- _Material provided_
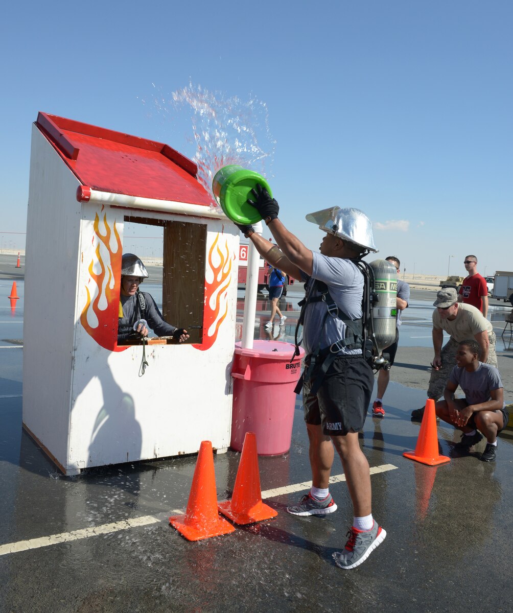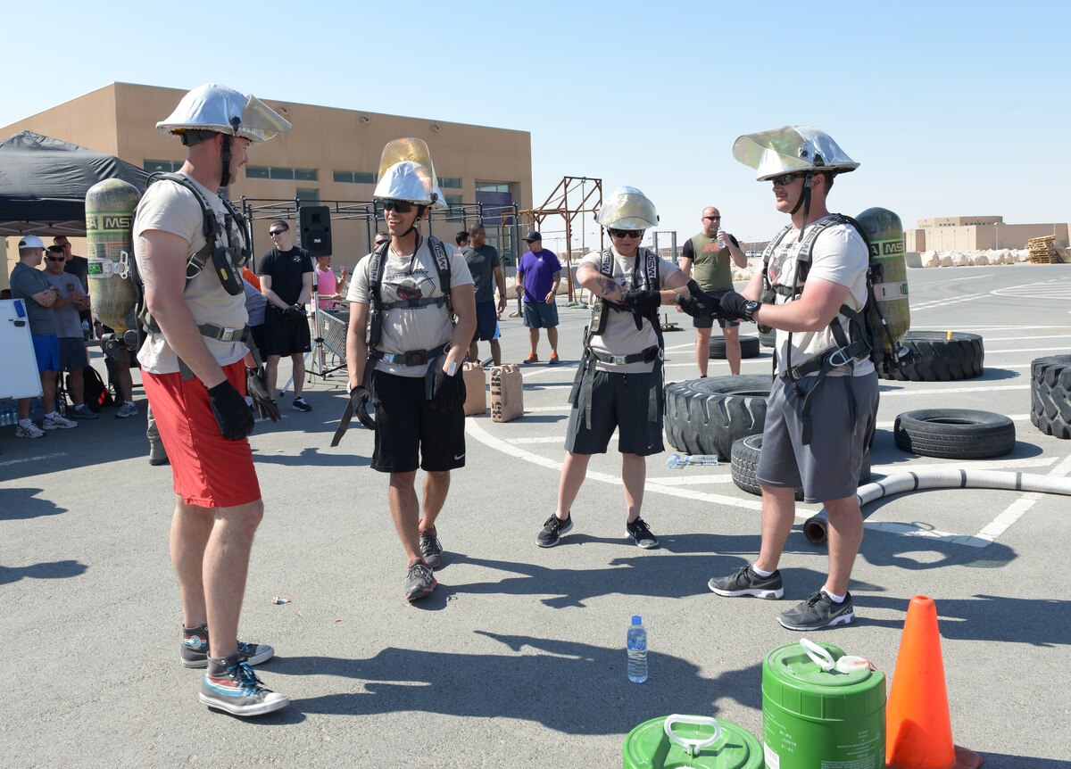 Firefighters from the 379th Expeditionary Civil Engineer Squadron set up for a fire muster at Al Udeid Air Base, Qatar, Feb. 15, 2014. Service members deployed to AUAB competed in a seven station obstacle course to get a taste of some of the training firemen must complete. This is the first fire muster to take place in 2014. (U.S. Air Force photo/Senior Airman Hannah Landeros)
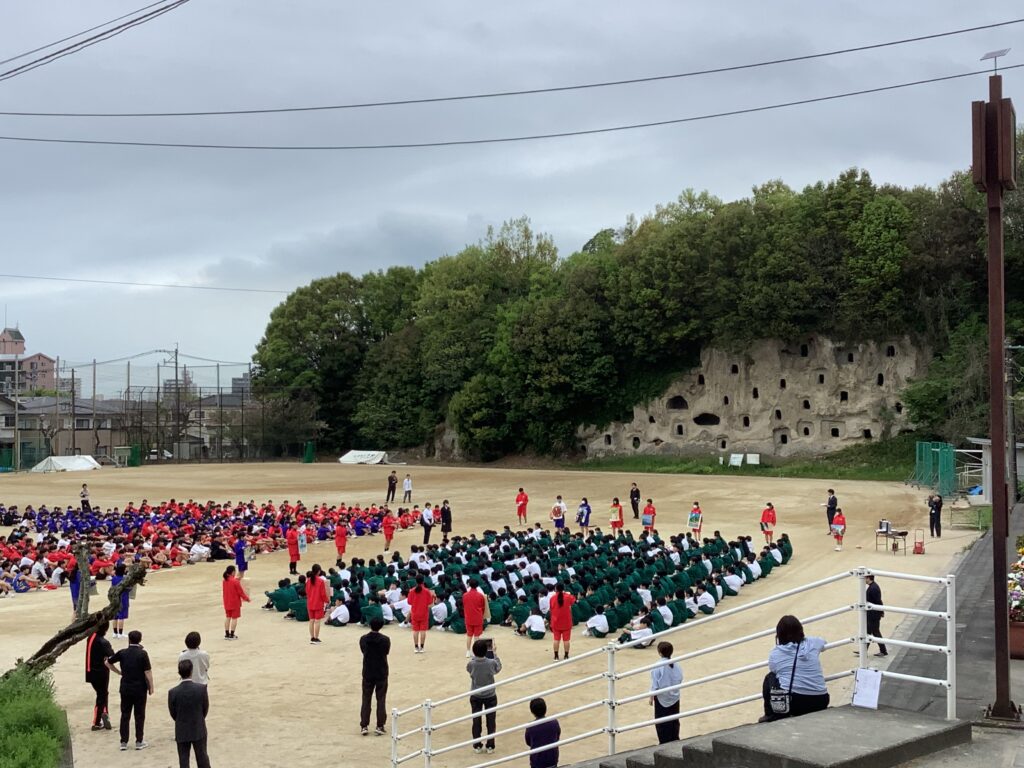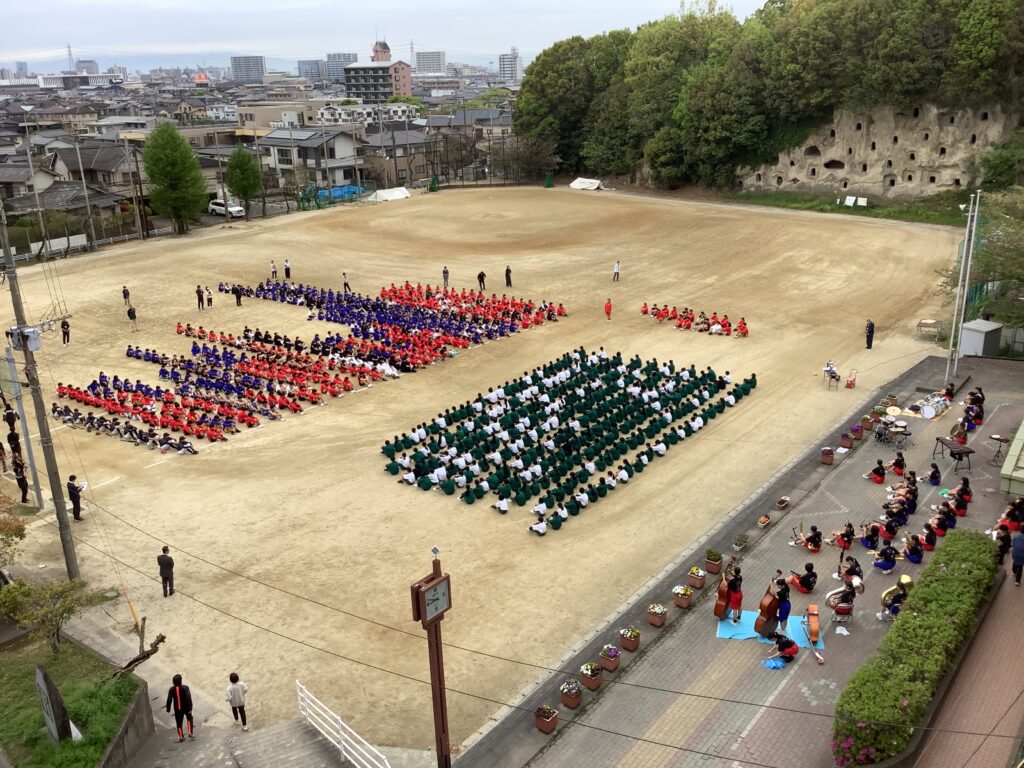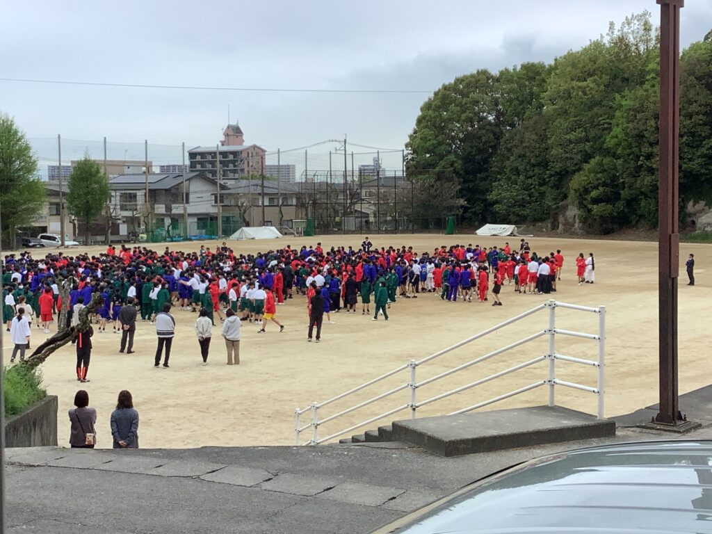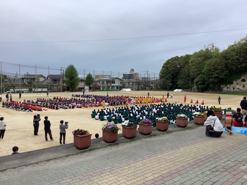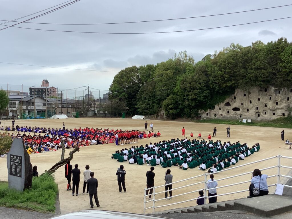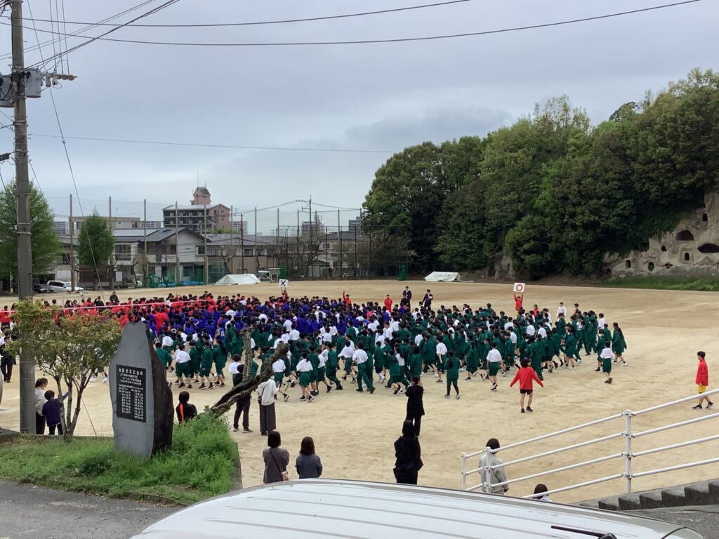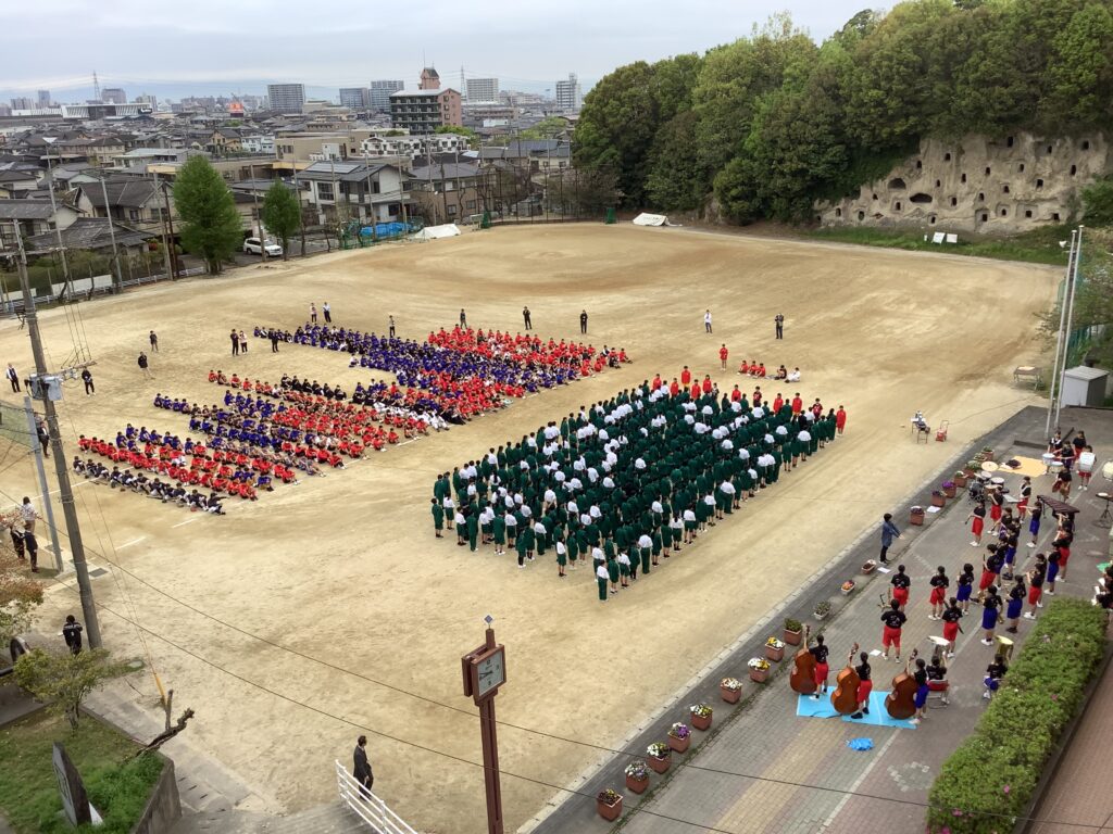 午後から雨の予報であったため、5、6限に実施予定だった2,3年生と1年生との対面式と親睦会を1,2限に変更し、グラウンドで行いました。昨年度は雨のため、体育館でzoomを用いての実施となりましたが、今年度は全員がグラウンドに集まり、実施することができました。生徒会執行部による学校生活の紹介、校歌の紹介、各部の特色を生かした部活動紹介、全校生徒によるクイズが行われ、笑顔あふれる時間となりました。1年生は、今日見たいろいろな紹介を参考にしながら、充実した中学校生活を送ってほしいと思います。
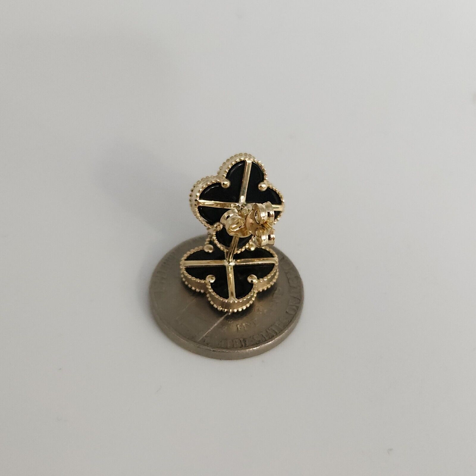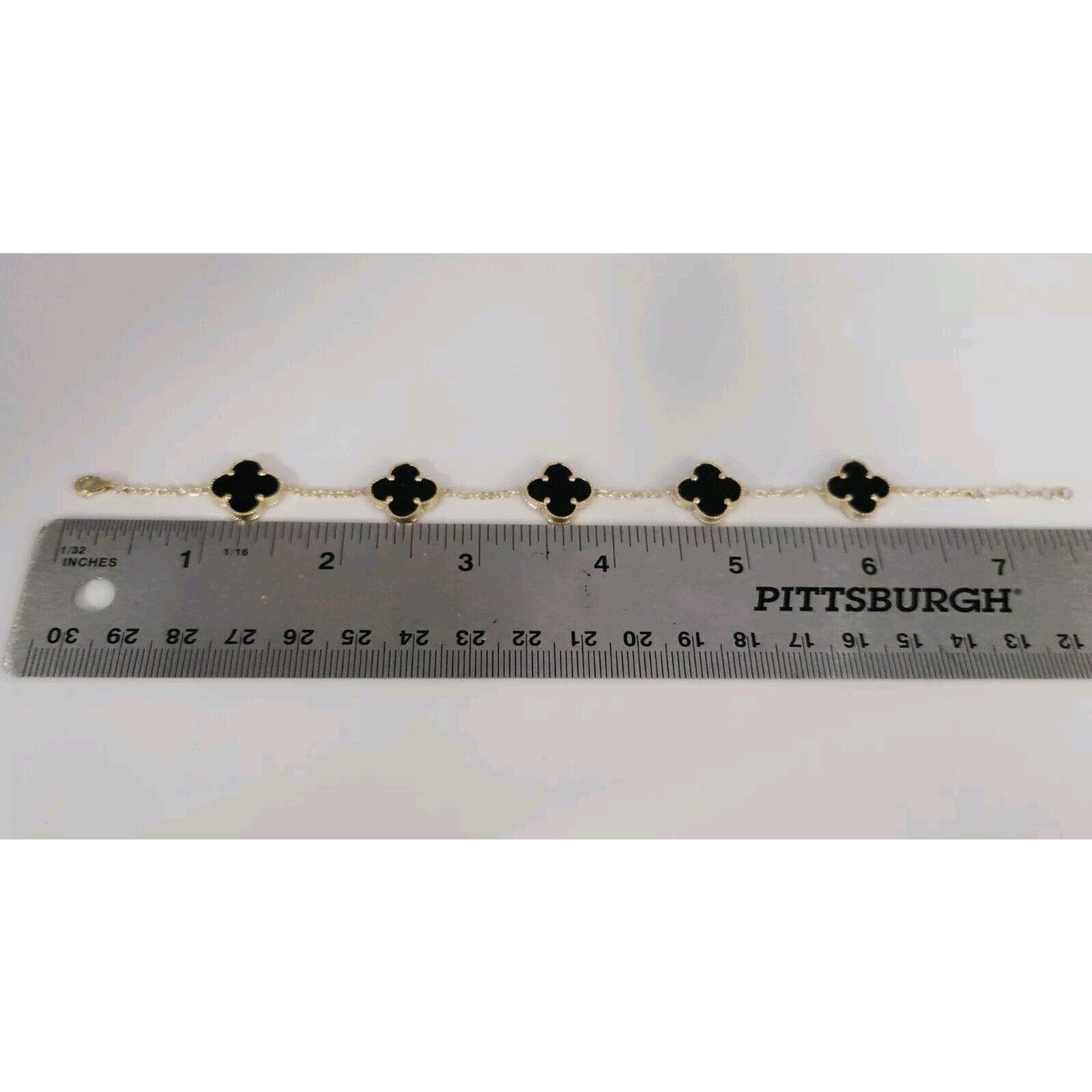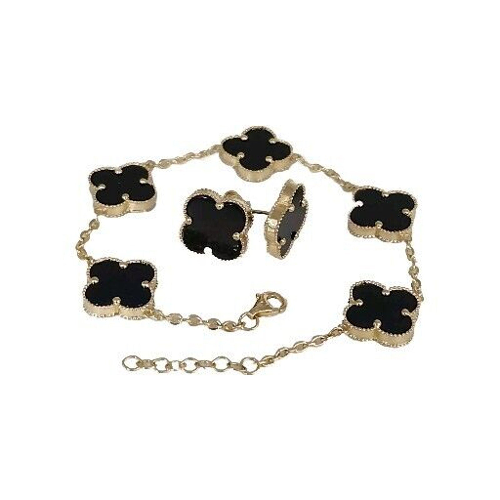 14k Yellow Gold Set Of Onyx Clover Flowers Bracelet 7.5" And Earrings
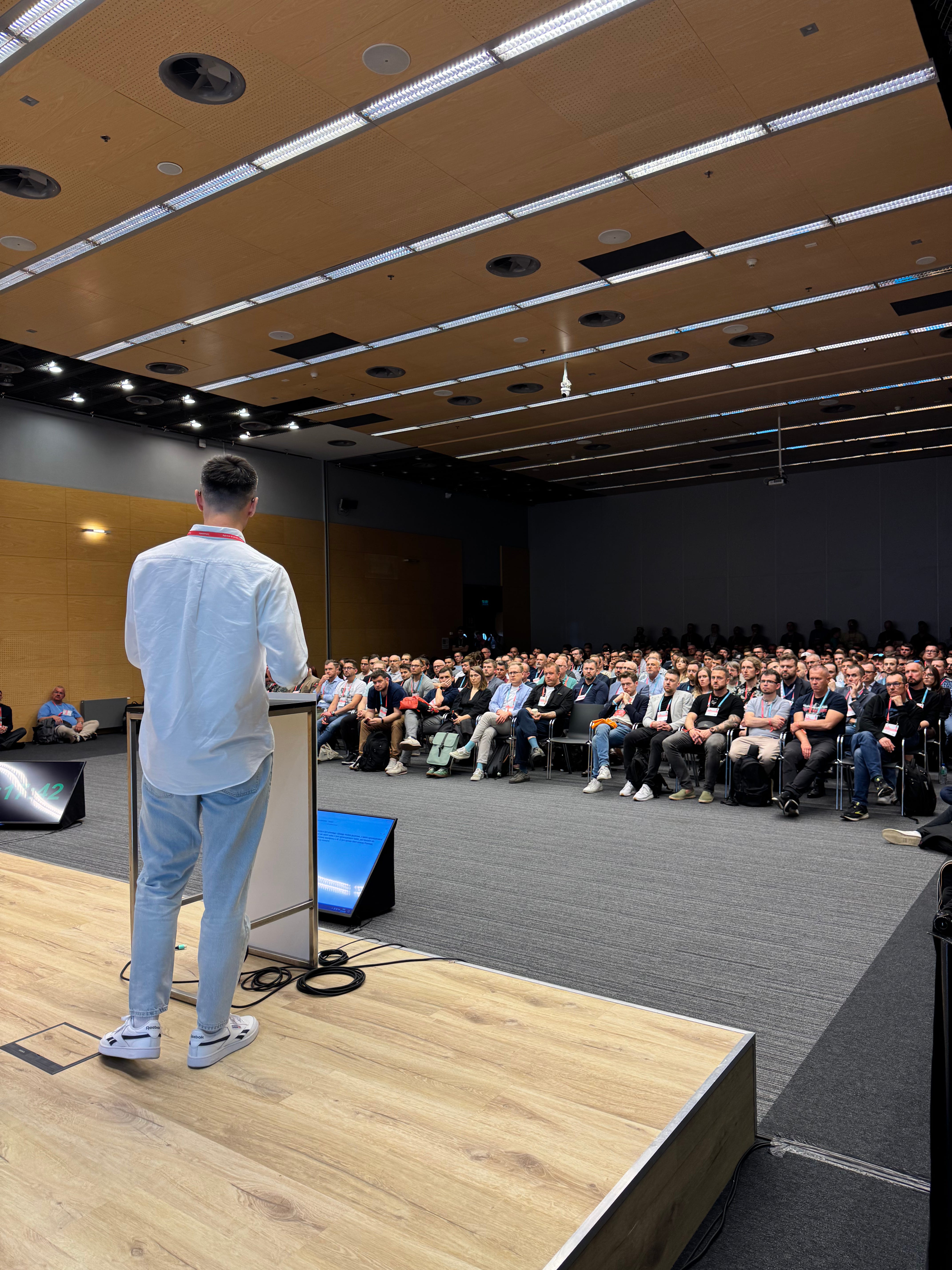 Nasza prelekcja "Nadchodzi koniec programowania (jakie znamy...)" wypełniła po brzegi salę "Dev Architecture" - dziękujemy za liczne przybycie. Doszły nas słuchy, że było ciekawe i merytorycznie, co znajduje potwierdzenie w ocenie 4.75/5 jaką otrzymaliśmy od publiczności.

- _Work order_
Without including any image, reproduce the full listing above as written.

- _Response to this exercise_
 Firefighters from the 379th Expeditionary Civil Engineer Squadron set up for a fire muster at Al Udeid Air Base, Qatar, Feb. 15, 2014. Service members deployed to AUAB competed in a seven station obstacle course to get a taste of some of the training firemen must complete. This is the first fire muster to take place in 2014. (U.S. Air Force photo/Senior Airman Hannah Landeros)
 午後から雨の予報であったため、5、6限に実施予定だった2,3年生と1年生との対面式と親睦会を1,2限に変更し、グラウンドで行いました。昨年度は雨のため、体育館でzoomを用いての実施となりましたが、今年度は全員がグラウンドに集まり、実施することができました。生徒会執行部による学校生活の紹介、校歌の紹介、各部の特色を生かした部活動紹介、全校生徒によるクイズが行われ、笑顔あふれる時間となりました。1年生は、今日見たいろいろな紹介を参考にしながら、充実した中学校生活を送ってほしいと思います。
 14k Yellow Gold Set Of Onyx Clover Flowers Bracelet 7.5" And Earrings
 Nasza prelekcja "Nadchodzi koniec programowania (jakie znamy...)" wypełniła po brzegi salę "Dev Architecture" - dziękujemy za liczne przybycie. Doszły nas słuchy, że było ciekawe i merytorycznie, co znajduje potwierdzenie w ocenie 4.75/5 jaką otrzymaliśmy od publiczności.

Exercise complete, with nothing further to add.